WeWork has been discussed ad nauseum across the financial media, but the firm never would have received a valuation of over $40 billion, nor would it have fallen so spectacularly back to Earth without the nearly $10 billion that the Vision Fund invested in the project. Uber, once considered the unrivaled darling of the so-called unicorns, is trading well below its IPO price as it continues to hemorrhage cash and print oceans of red ink. The Vision Fund invested, along with others, billions of dollars into this organization while it was still private. Slack may be a popular enterprise tool, and may have soared during its IPO in June of 2019, but has since plunged following disappointing earnings and sluggish growth forecasts; rosy forecasts eventually have to translate into actual results. Just recently a Vision Fund- supported organization – insurance company Lemonade – has postponed IPO plans citing “market conditions.”
Attempting to centrally direct and plan the future of organizations and industry sectors may work on paper, or on a slide deck, but cannot factor in the realities of competition, consumer choice, and market scrutiny. Financial damages and other negative externalities are an inevitable result of any single entity attempting to plan for everyone else, be they consumers or citizens. These financial damages, however painful, represent a reality check and method by which the market can respond to master plans of private sector actors.

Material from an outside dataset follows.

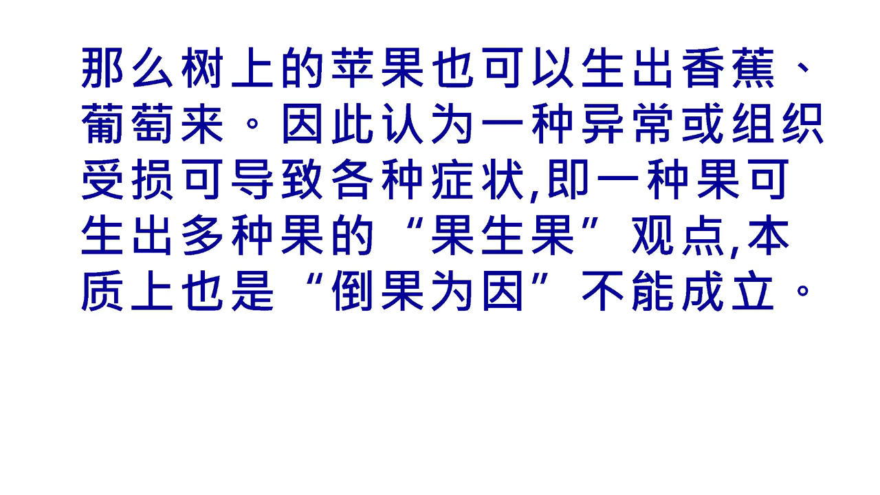 所谓“果生果”是指一种异常或组织受损可导致多种症状,比如肝硬化可导致腹水、食不下;肺纤维化可导致咳嗽、气喘; 糖尿病可导致皮肤溃烂、眼睛瞎;高血压可导致头晕、脑中风; 脑出血可导致偏瘫、昏迷;椎间盘突出可导致腰痛、腿痛;肠息肉可导致腹胀、便秘;癌肿瘤可导致疼痛、死亡。但检查出来的异常及组织受损与身体的症状皆属果,其间并无因果关系,这道理就像症(痛)不生状(肿),状(肿)不生症(痛)一样。再者, 异常属衰老,症状属疾病,要是不一样的果都可以果生果的话, 那么树上的苹果也可以生出香蕉、葡萄来。因此认为一种异常或组织受损可导致各种症状,即一种果可生出多种果的“果生果” 观点,本质上也是“倒果为因”不能成立。
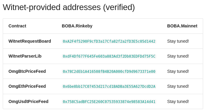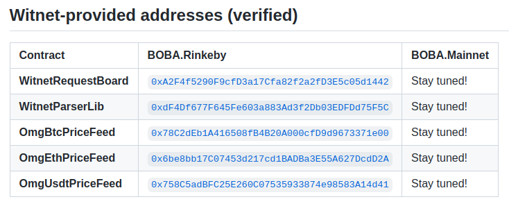 | | **OmgBtcPriceFeed** | [`0x78C2dEb1A416508fB4B20A000cfD9d9673371e00`](https://blockexplorer.rinkeby.boba.network/address/0x78C2dEb1A416508fB4B20A000cfD9d9673371e00/contracts) | Stay tuned! | ||

This is not to say that the Vision Fund is doomed, nor that the future of investing in private organizations is in peril, but rather that the scope and methods of doing so need to evolve. In fact, the fund has paper and realized gains that have a combined total of billions of dollars, and continues to be an important player and force in the private financing of high- growth startups.

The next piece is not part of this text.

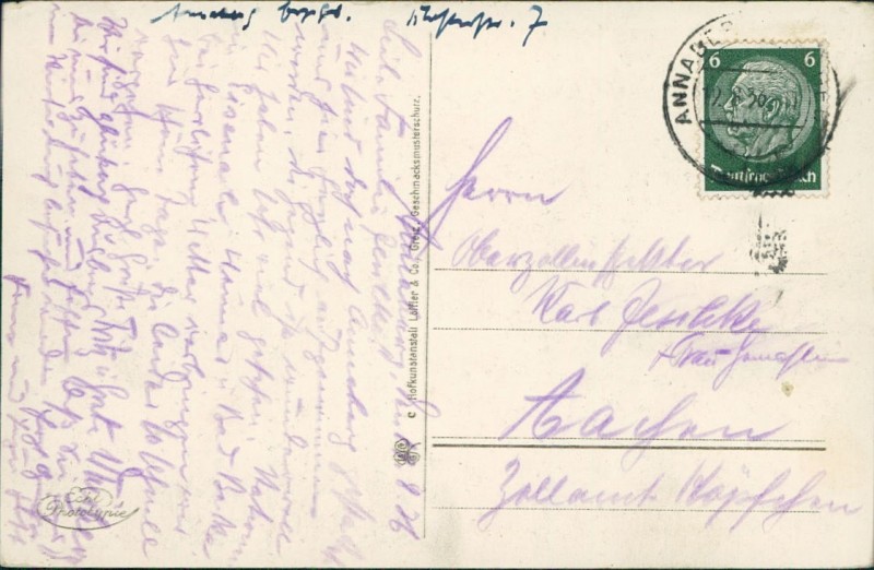 Alte Ansichtskarte aus Annaberg-Buchholz, gelaufen am 12.08.1936.

That said, repeating many of the same errors associated with prior bubbles; investing for growth without concern for profits, accepting non-GAAP and other unusual methods of judging performance, and glossing over structural issues is a recipe for the same result. Assigning responsibility for the frothy private markets and the negative spillover effects in the public markets to one entity is nonsense; the Vision Fund is a symptom of broader market conditions.
Vision Fund 2.0s
In more normalized market conditions not constantly nudged and managed by central bankers, the appeal of allocating such enormous amounts of capital to unproven organizations with dubious business models would diminish. Financial discipline, developing business models that deliver value to consumers and investors alike, and realistic growth forecasts continue to be distorted thanks to the meddling of non-market actors.

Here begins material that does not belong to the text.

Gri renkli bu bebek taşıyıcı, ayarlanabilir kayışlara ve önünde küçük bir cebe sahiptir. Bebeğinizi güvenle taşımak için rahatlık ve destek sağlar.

The Vision Fund, despite recent negative headlines, is moving along with raising capital for its second fund that seeks to continue its investment strategy toward organizations developing solutions in emerging areas. Masayoshi Son has publicly stated that the Vision Fund 2 will be more cautious with new investments, and focus more on traditional metrics of sustainable growth and profitability. This is a welcome development, and is hopefully indicative that the new fund will function more like a traditional investor rather than central planning kingmaker.